On 02/08/2013 10:44 AM, Kevin Maziere Aubry wrote:
> Hi
>
> I add the same problem on ovrit3.1 on f17 and it is resolved on 
> f18+ovirt3.2
>
> Kevin
>
>
> 2013/2/7 Dafna Ron <dron at redhat.com <mailto:dron at redhat.com>>
>
>     also full engine, vdsm and libvirtd logs
>
>
>     On 02/07/2013 05:05 PM, Shu Ming wrote:
>     > The libvirt and qemu version in the VDSM host may help the
>     debugging.
>     > Alexandru Vladulescu:
>     >>
>     >> Hi,
>     >>
>     >>
>     >> Using 3.1.0-3.19 from dreyou's repo on Centos 6.3 version, running
>     >> multiple VM on the hypervisor node and attempting to take a
>     snapshot
>     >> from one of the running VMs generates errors for VDSM daemon as
>     show
>     >> below:
>     >> /
>     >> //[root at hyper02 ~]# vdsClient -s 0 list//
>     >> //Traceback (most recent call last)://
>     >> //File "/usr/share/vdsm/vdsClient.py", line 2275, in <module>//
>     >> //code, message = commands[command][0](commandArgs)//
>     >> //File "/usr/share/vdsm/vdsClient.py", line 280, in do_list//
>     >> //response = self.s.list(True, vms)//
>     >> //File "/usr/lib64/python2.6/xmlrpclib.py", line 1199, in
>     __call__//
>     >> //return self.__send(self.__name, args)//
>     >> //File "/usr/lib64/python2.6/xmlrpclib.py", line 1489, in
>     __request//
>     >> //verbose=self.__verbose//
>     >> //File "/usr/lib64/python2.6/xmlrpclib.py", line 1253, in request//
>     >> //return self._parse_response(h.getfile(), sock)//
>     >> //File "/usr/lib64/python2.6/xmlrpclib.py", line 1392, in
>     >> _parse_response//
>     >> //return u.close()//
>     >> //File "/usr/lib64/python2.6/xmlrpclib.py", line 838, in close//
>     >> //raise Fault(**self._stack[0])//
>     >> //Fault: <Fault 1: "<type 'exceptions.TypeError'>:cannot
>     marshal None
>     >> unless allow_none is enabled">/
>     >>
>     >>
>     >> Paste from ovirt admin GUI log:
>     >>
>     >> /2013-Feb-07, 15:29:59 VM ipa01 is down.
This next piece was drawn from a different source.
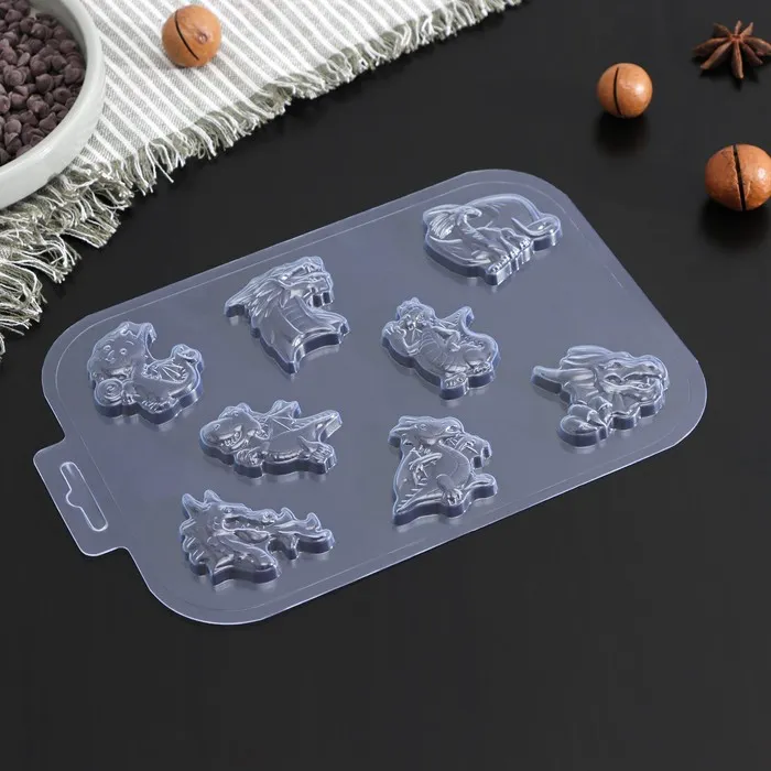 Форма для шоколада и конфет «Драконы», размер ячейки 5×4 см, пластик, прозрачная — Характеристики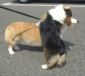 | 関空近くの"リンクウプレミアムアウトレット"でルークと親子オフ2でした。 子犬達は会うとマウンティングから入るのですが習性なんでしょうか…? |

Exit message: User
>     shut down//
>     >> //2013-Feb-07, 15:29:34 Migration failed due to Error: Fatal error
>     >> during migration (VM: ipa01, Source Host: Hyper02).//
>     >> //2013-Feb-07, 15:29:32 Starting migration of VM ipa01 from Host
>     >> Hyper02 to Host Hyper01 (User: admin at internal.).//
>     >> //2013-Feb-07, 15:29:10 Migration failed due to Error: Fatal error
>     >> during migration (VM: ipa01, Source Host: Hyper02).//
>     >> //2013-Feb-07, 15:29:10 Migration failed due to Error: Fatal error
>     >> during migration (VM: ipa01, Source Host: Hyper02). Trying to
>     migrate
>     >> to another Host.//
>     >> //2013-Feb-07, 15:29:08 Starting migration of VM ipa01 from Host
>     >> Hyper02 to Host Hyper01 (User: admin at internal.).//
>     >> //2013-Feb-07, 15:24:58 Detected new Host Hyper02. Host state
>     was set
>     >> to Up.//
>     >> //2013-Feb-07, 15:24:53 Host Hyper02 is initializing. Message:
>     >> Recovering from crash or Initializing//
>     >> //2013-Feb-07, 15:22:18 VM ipa01 was resumed by admin at internal
>     (Host:
>     >> Hyper02).//
>     >> //2013-Feb-07, 15:22:18 VM ipa01 was resumed by admin at internal
>     (Host:
>     >> Hyper02).//
>     >> //2013-Feb-07, 15:20:43 Snapshot [initial installation][after ipa
>     >> server installation] creation for VM ipa01 has been completed.//
>     >> //2013-Feb-07, 15:20:43 VM ipa01 has paused due to unknown storage
>     >> error./
>     >>
>     >> Looking through htop command could see that VM were still
>     running and
>     >> responsive but any vdsclient command failed with the upper code
>     paste
>     >> I have given. Solution here was to connect to each VM, shut it down
>     >> and restart vdsmd and power it up again. There's no problem
>     with the
>     >> storage size as it has aprox 800GB free of space and running
>     through
>     >> NFS. All nfs mount points were running okay at that time.
>     >>
>     >> After the VM has been snapshoot-ed went into pause mode and had to
>     >> un-pause it from GUI, but the VM was still responsive through
>     network
>     >> and operations.
>     >>
>     >> Has anybody seen something related to this by now or it's just
>     >> related to 3.1 version ? Mentioning the fact that I did a
>     research on
>     >> the similar mailing list topics and could not find something
>     related
>     >> to this error. I would happily provide logs if needed.
>     >>
>     >>
>     >> Regards,
>     >> Alex
>     >>
>     >>
>     >> _______________________________________________
>     >> Users mailing list
>     >> Users at ovirt.org <mailto:Users at ovirt.org>
>     >> http://lists.ovirt.org/mailman/listinfo/users
>     >
>     >
>     > --
>     > ---
>     > ?? Shu Ming
>     > Open Virtualization Engineerning; CSTL, IBM Corp.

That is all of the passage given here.